Rory Feek update
Joey Feek’s widowed husband Rory Feek penned a new blog post about how his friends are helping him deal with her death. Pictured: Joey and Rory Feek at the Academy of Country Music Awards in Las Vegas, on April 7, 2013. Getty Images

Rory Feek is slowly starting to return to normal everyday activities following the death of his wife, Joey Feek. The country singer, who has documented his personal life on the family blog This Life I Live, wrote a new post Thursday titled “The Best Medicine,” revealing that a little down time with friends has been helping him during this difficult time.

“One morning a week I meet a few of my buddies on our neighbor Gabe’s porch for coffee,” he wrote. “While his wife and babies sleep inside, a bunch of us guys take over the porch of their little farmhouse and drink coffee and do man stuff — whatever that is.
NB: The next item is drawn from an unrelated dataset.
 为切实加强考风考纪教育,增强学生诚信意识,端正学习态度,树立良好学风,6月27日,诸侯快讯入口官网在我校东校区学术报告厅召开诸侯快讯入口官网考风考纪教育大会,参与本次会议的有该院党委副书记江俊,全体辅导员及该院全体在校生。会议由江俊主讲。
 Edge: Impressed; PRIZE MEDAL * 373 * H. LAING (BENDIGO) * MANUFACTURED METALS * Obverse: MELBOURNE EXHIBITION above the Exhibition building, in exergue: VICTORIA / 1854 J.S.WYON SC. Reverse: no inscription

Mostly talk and share stories and laugh.”

Sharing photos from a recent meetup, Rory added, “It feels good to laugh. There’s no agenda. No plan to get to the bottom of anything … except our coffee cups.”

Rory said it’s during this time with friends that he wonders what’s next in his life. “Like having coffee with friends. This is where lives change … And so I will celebrate and capture the big stories and the small ones in my life. Because they are all part of a much larger story that someone else is telling. A story about healing a heart that is broken. Too broken to talk about, so we don’t. We just drink coffee. And we laugh. And maybe that really is after all… the best medicine.”
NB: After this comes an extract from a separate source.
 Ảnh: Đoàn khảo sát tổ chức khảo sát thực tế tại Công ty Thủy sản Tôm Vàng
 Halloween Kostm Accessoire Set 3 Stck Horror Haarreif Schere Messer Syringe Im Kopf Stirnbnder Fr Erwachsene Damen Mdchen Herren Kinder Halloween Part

In a previous post on the blog updating fans on his family, Rory wrote that it was “so sad” and also “so wonderful” that his two-year-old daughter Indiana hadn’t asked about Joey since her death. The 49-year-old said it’s almost as if Indiana “hasn’t noticed that she’s not here.” Rory also said that Indiana, who has Down syndrome, recently started preschool and seemed to be enjoying it.

“Joey had every intention of homeschooling Indy as she grew up. For many reasons. But life has changed that plan,” Rory said. “I have written before about our desire to live our lives with ‘high hopes and low expectations’…but during the month of January, when Joey and I decided we needed to start researching what and where the next-best option for school for Indy might be…we had no idea that god would lead us to a place called, of all things…High Hopes.”

As previously reported, Joey died at the age of 40 on March 4 after a long battle with cervical cancer. She was diagnosed with the disease in May 2014, just months after Indiana’s birth.